## What needs to be done
When you reach the line below that has "貝殻を拾い集めます。ここで訳", start returning lines exactly, and stop after the line that has "(1)リンク先のページです。 (2)リンク先の先土器時代目次が表示されました。 |"; skip the pictures.

## Extracted information
* * * *

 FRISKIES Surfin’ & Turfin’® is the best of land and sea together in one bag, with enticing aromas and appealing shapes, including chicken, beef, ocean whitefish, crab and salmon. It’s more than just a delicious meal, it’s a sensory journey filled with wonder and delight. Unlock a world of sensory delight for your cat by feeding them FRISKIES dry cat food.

* * * *

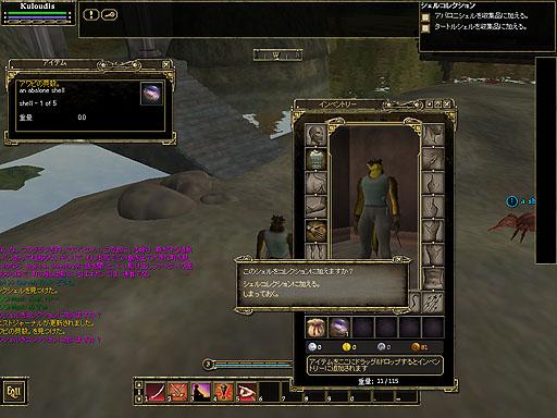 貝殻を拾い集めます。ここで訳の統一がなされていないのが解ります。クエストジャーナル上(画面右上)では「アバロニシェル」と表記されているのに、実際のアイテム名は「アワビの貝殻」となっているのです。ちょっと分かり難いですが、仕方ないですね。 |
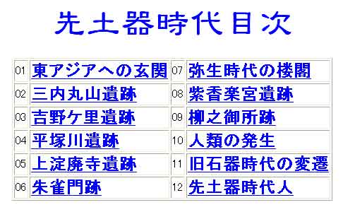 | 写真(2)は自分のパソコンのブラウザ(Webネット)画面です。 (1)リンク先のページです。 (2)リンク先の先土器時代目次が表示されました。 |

* * * *

## Your solution
 貝殻を拾い集めます。ここで訳の統一がなされていないのが解ります。クエストジャーナル上(画面右上)では「アバロニシェル」と表記されているのに、実際のアイテム名は「アワビの貝殻」となっているのです。ちょっと分かり難いですが、仕方ないですね。 |
 | 写真(2)は自分のパソコンのブラウザ(Webネット)画面です。 (1)リンク先のページです。 (2)リンク先の先土器時代目次が表示されました。 |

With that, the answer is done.